Так говорил Джордж Хиггинботам, и его речь не могла нe произвести сильного впечатления на всех присутствующиx: Все были взволнованы. Казалось, что Вильям Дж. Гиппербои не замедлит появиться перед толпой, держа в одной руке свое завещание, которое должно было обессмерить его имя, а другой осыпая шестерых избранников миллионами своего состояния. На эту речь, произнесенную самым близким из друзей покойного, публика ответила одобрительным перешептыванием.

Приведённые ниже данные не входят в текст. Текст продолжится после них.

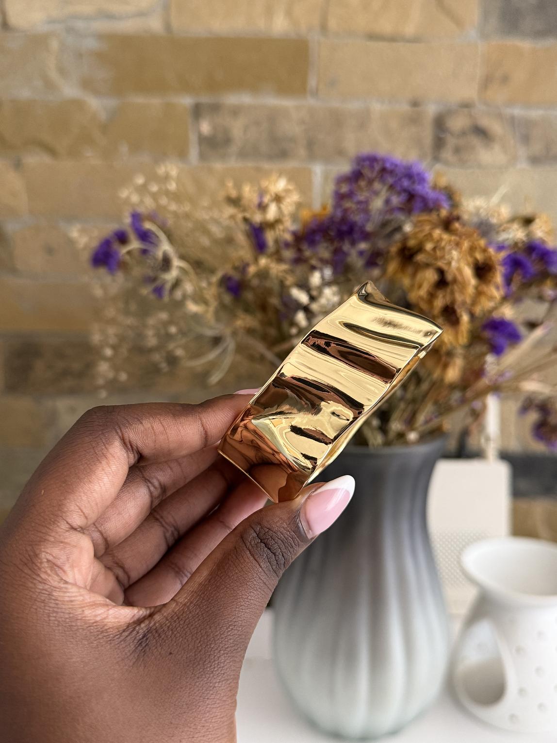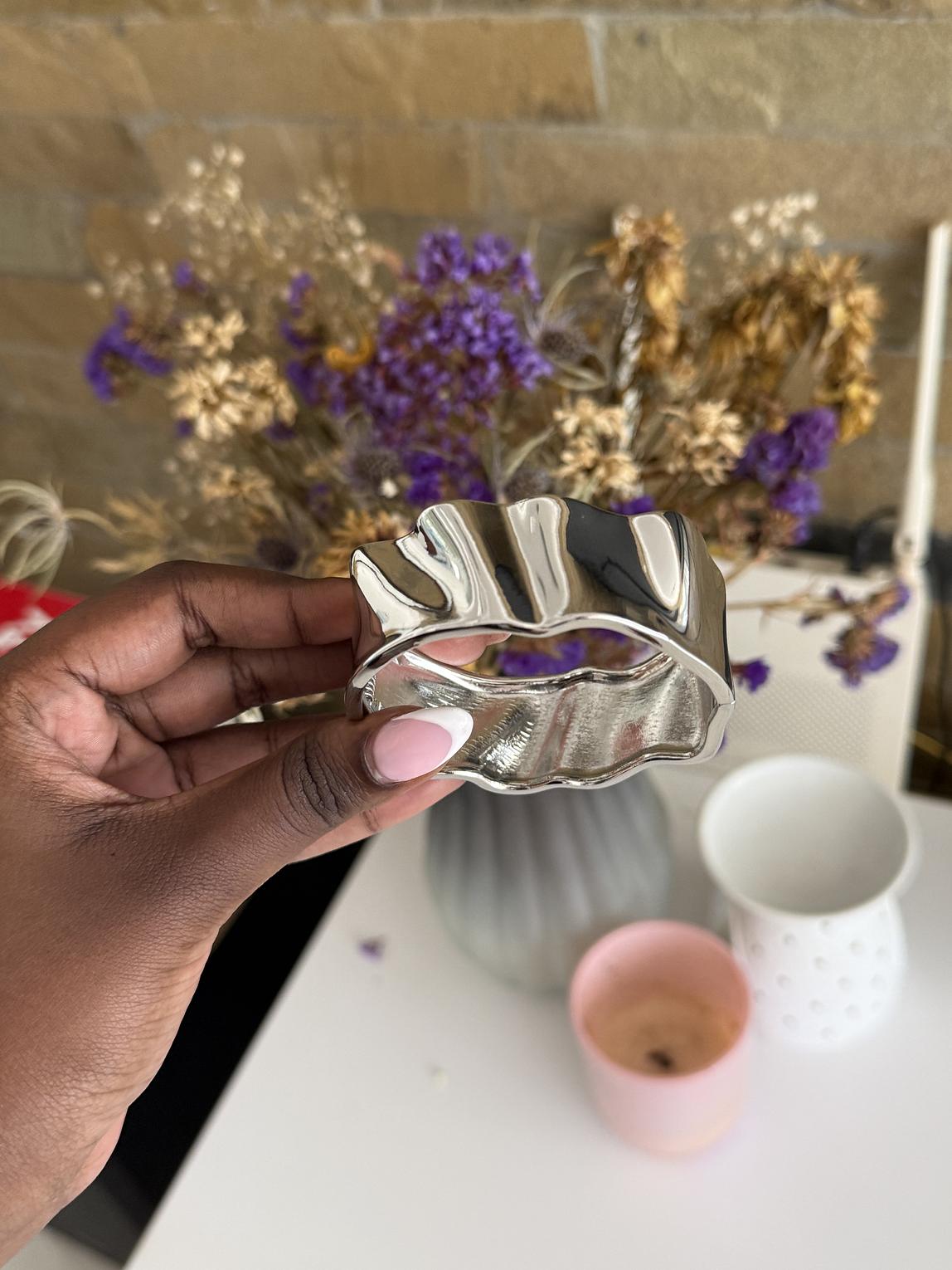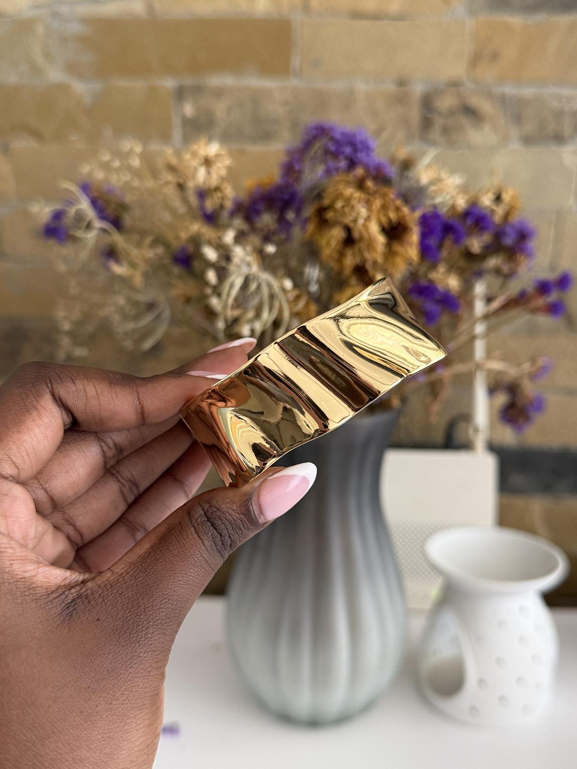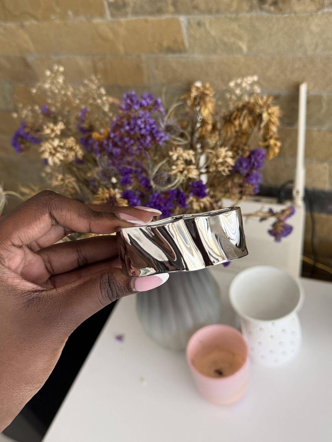 Minimalist bangle with soft light texture.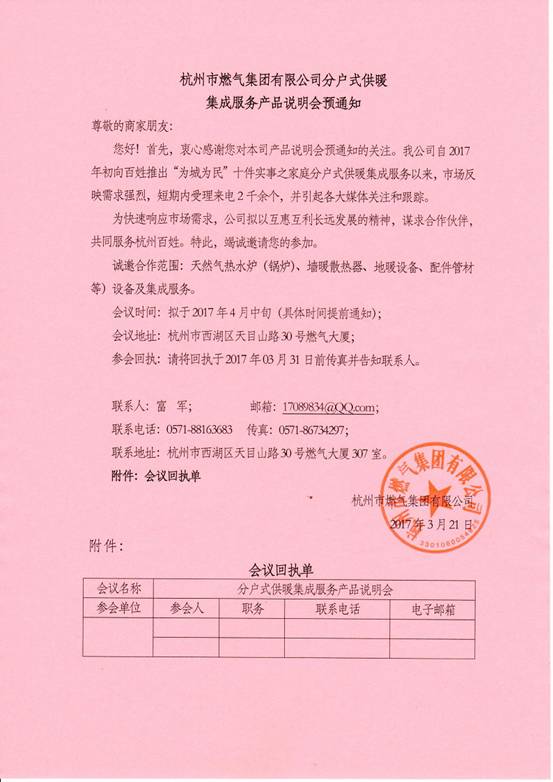 杭州市燃氣集團有限公司分戶式供暖集成服務產品說明會預通知

Те из присутствующих, которые слышали эту речь хорошо, передавали свое впечатление тем, которые ее не могли расслышать, но были тем не менее все же очень растроганы.
Вслед за тем оркестр и хор певческой капеллы исполнили известную "Аллилуйю" из Мессии Генделя.

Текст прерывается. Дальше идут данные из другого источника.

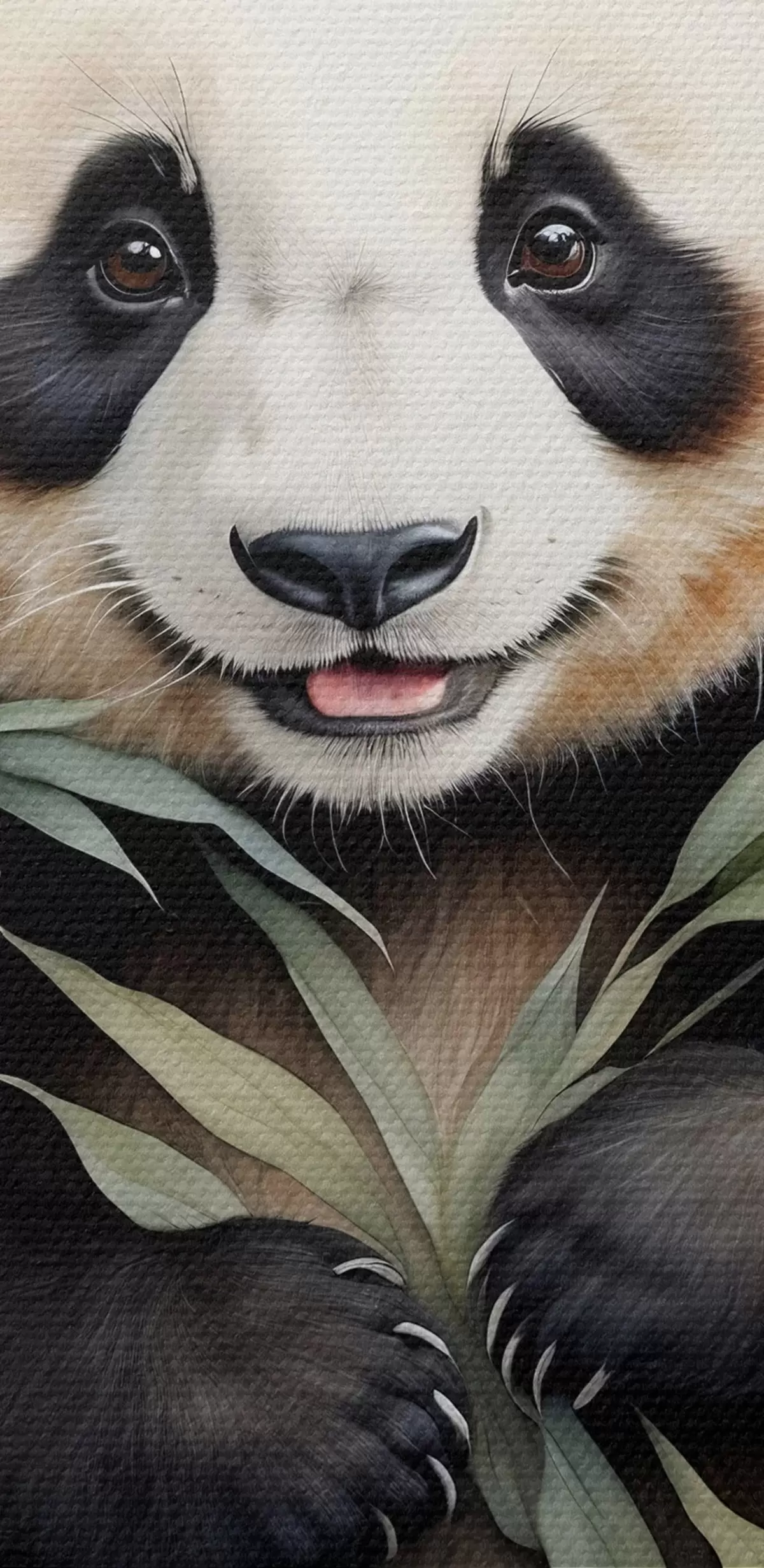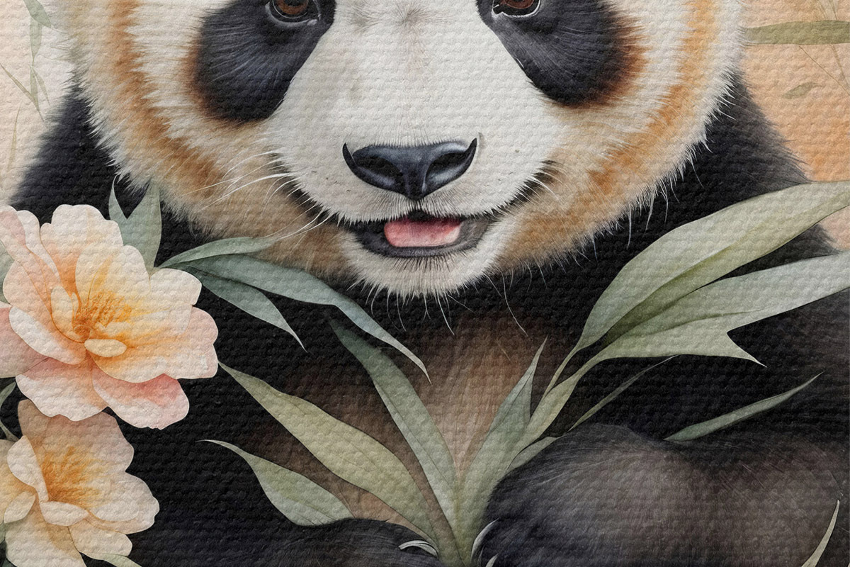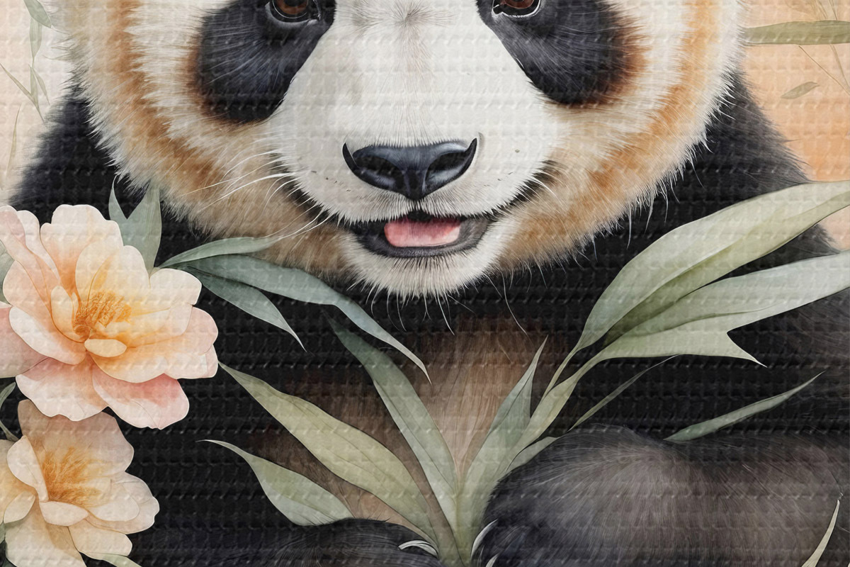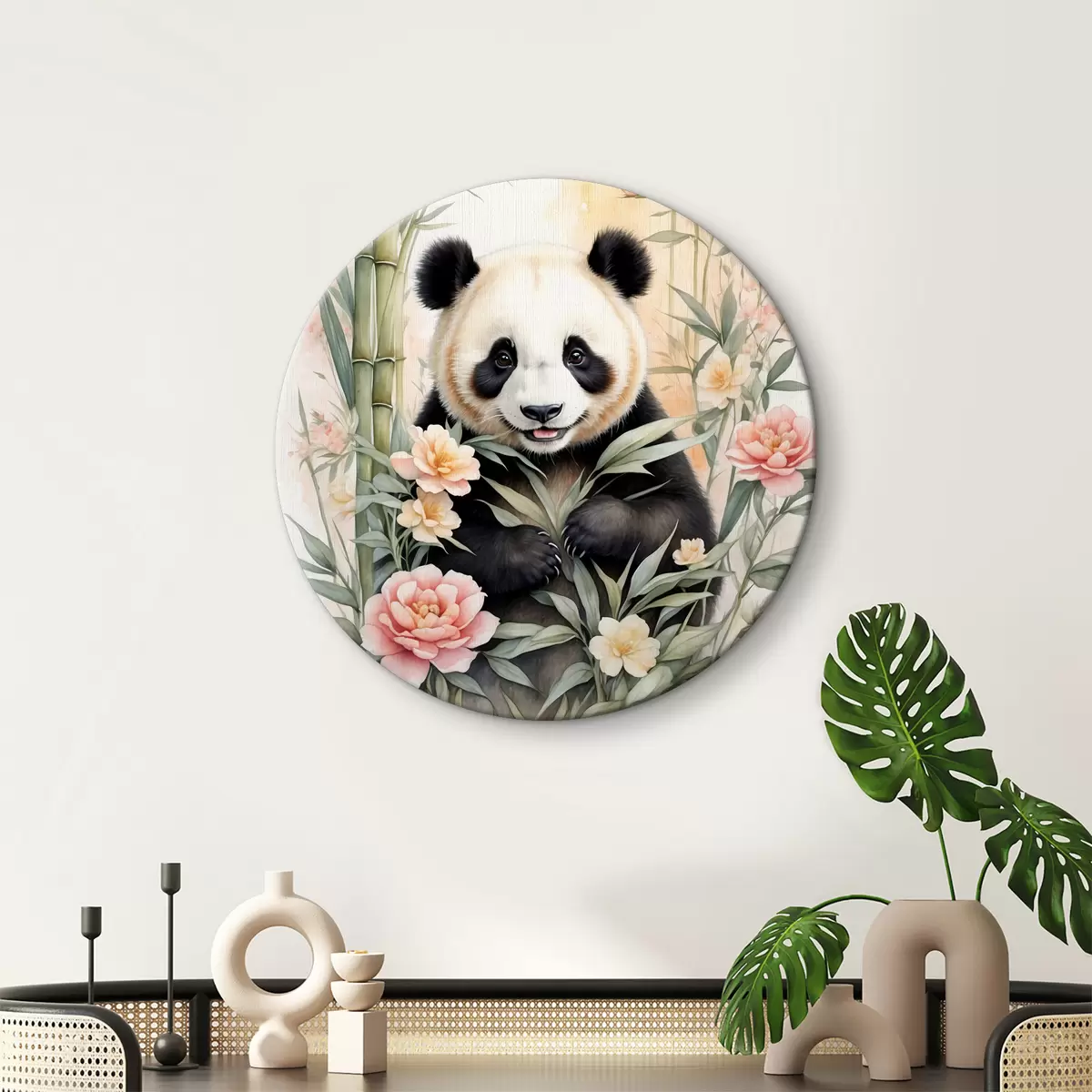 Кругла картина Панда з квітами і бамбуком Nr r40125

Церемония близилась к концу, были исполнены почти все номера программы, а между тем казалось, что публика ждала чего-то еще, чего-то из ряда вон выходящего, сверхъестественного. Да! Таково было возбуждение, охватившее всех присутствующих, что никто не нашел бы ничего удивительного, если бы внезапно законы природы изменились и какая-нибудь аллегорическая фигура возникла вдруг на небе, как когда-то Константину Великому вырисовался крест и слова: "In hoc sig-no vinces"[ "In hoc siano vinces" -- "Сим победиши", буквально: этим знаком (знаменем) победишь.]. Или неожиданно остановилось бы солнце, как во времена Иисуса Навина, и освещало бы в течение целого часа всю эту несметную толпу. Словом, если бы произошел один из тех чудесных случаев, в реальность которых не могли бы не поверить самые отчаянные вольнодумцы. Но на этот раз неизменяемость законов природы осталась непоколебимой, и мир не был смущен никаким чудом.
Настал момент снять гроб с колесницы, внести его в холл и опустить в могилу. Его должны были нести восемь слуг покойного, одетых в парадные ливреи. Они подошли к гробу и, освободив его от спускавшихся с него драпировок, подняли на плечи и направились к калитке ограды. "Шестеро" шли в том асе порядке, в каком начали торжественное шествие с Салль-стрит, причем, согласно указанию, сделанному церемониймейстером, находившиеся справа держали левой рукой, а находившиеся слева -- правой тяжелые серебряные ручки гроба.
Непосредственно за ними шли члены Клуба Чудаков, гражданские и военные власти.
Когда ворота ограды затворились, оказалось, что большой вестибюль, холл и центральная круглая комната мавзолея едва могли вместить ближайших участников процессии, остальные же теснились у входа. Толпа все прибывала из различных участков Оксвудсского кладбища, и даже на ветвях ближайших к памятнику деревьев виднелись человеческие фигуры. В этот момент трубы военного оркестра прозвучали с такой силой, что, казалось, должны были лопнуть легкие тех, кто в них дул.
Одновременно в воздухе появились несметные стаи выпущенных на волю и украшенных разноцветными ленточками птиц. Радостными криками приветствуя свободу, носились они над озером и прибрежными кустами.
Как только процессия поднялась по ступенькам крыльца, гроб пронесли на руках через первые двери, потом через вторые и после короткой остановки в нескольких шагах от гробницы опустили в могилу. Снова раздался голос досточтимого Бингама, обращавшегося к богу с просьбой широко раскрыть небесные врата покойному Вильяму Дж. Гиппербону и обеспечить ему там вечный приют.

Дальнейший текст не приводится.